Europe : la grande désunion

Par Romaric Godin  |   |  1389  mots
Le siège de la Commission à Bruxelles.
Le "choc salutaire" des européennes semble un vain espoir. Les grands dirigeants européens se concentrent désormais sur leurs enjeux nationaux, tous divergents.

Plus que jamais une Union européenne en lambeaux et sans orientation qui est sortie des urnes voici une semaine. Ceux qui espéraient voir dans la montée des euroscepticismes et dans la persistance de l'abstention un « choc salutaire » capable de réveiller les chefs d'Etats et de gouvernements et de les conduire à une « réorientation » de l'UE en sont, semble-t-il pour leurs frais. Le tableau qu'offre l'Europe est plus que jamais celui de la désunion et de l'impuissance. Bien que prévisible et largement annoncé, le succès des partis critiques ou hostiles à l'UE dans plusieurs pays semblent avoir désorienté les dirigeants européens. Et, plus que jamais, ce sont les logiques nationales qui dominent.

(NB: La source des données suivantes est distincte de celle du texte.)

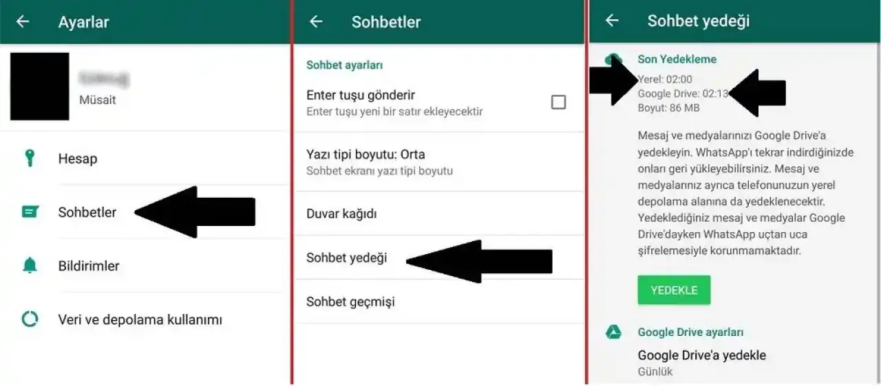 Eğer otomatik olarak yedek alınmasını beklemek istemiyor, anlık olarak kendiniz almak istiyorsanız, “WhatsApp > Ayarlar > Sohbetler > Sohbet Yedeği > Şimdi Yedekle” adımlarını uygulayabilir, sohbet geçmişinizi güven altına alabilirsiniz.
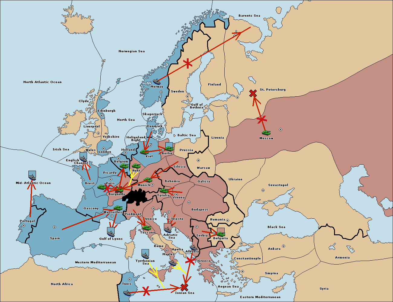 The fleet at Tyrrhenian Sea support move to Ionian Sea from Tunis.
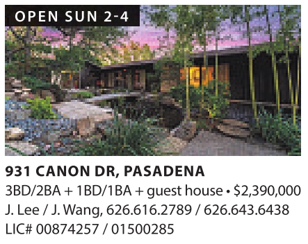 931 CANON DR, PASADENA 3BD/2BA + 1BD/1BA + guest house •$2,390,000 J. Lee/ J.Wang, 626.616.2789 / 626.643.6438 LIC# 00874257 / 01500285

Le calcul de David Cameron

L'exemple le plus frappant en aura évidemment été les propos révélés ce samedi de David Cameron qui aurait menacé de ne pouvoir « garantir » le maintien du Royaume-Uni dans l'UE si Jean-Claude Juncker était porté à la tête de la Commission. La tactique du premier ministre britannique est limpide : il s'agit de durcir le ton pour répondre à l'irrésistible montée de l'UKIP. Un sondage publié par The Independent vendredi dernier révélait que plus de 80 % des électeurs UKIP lors des élections européennes envisageaient de voter UKIP lors des élections générales de l'an prochain. C'est clairement une raison de paniquer pour le locataire du 10 Downing Street, car alors le jeu politique anglais demeure un jeu à trois, avec le parti de Nigel Farage. Pour David Cameron, la priorité est donc de durcir le ton à Bruxelles pour ramener une partie des électeurs UKIP vers les urnes et de préparer, pourquoi pas ?, une coalition future avec les eurosceptiques pour demeurer premier ministre.

L'Europe est donc pour David Cameron un enjeu d'abord national. Sa « réforme » à la britannique, avec plus de subsidiarité, plus de libéralisme, serait surtout un triomphe qu'il pourrait arborer dans les rues de Brimingham ou de Southampton l'an prochain. Ce n'est donc pas un hasard s'il veut se faire entendre sur la question du président de la Commission, la plus urgente du moment.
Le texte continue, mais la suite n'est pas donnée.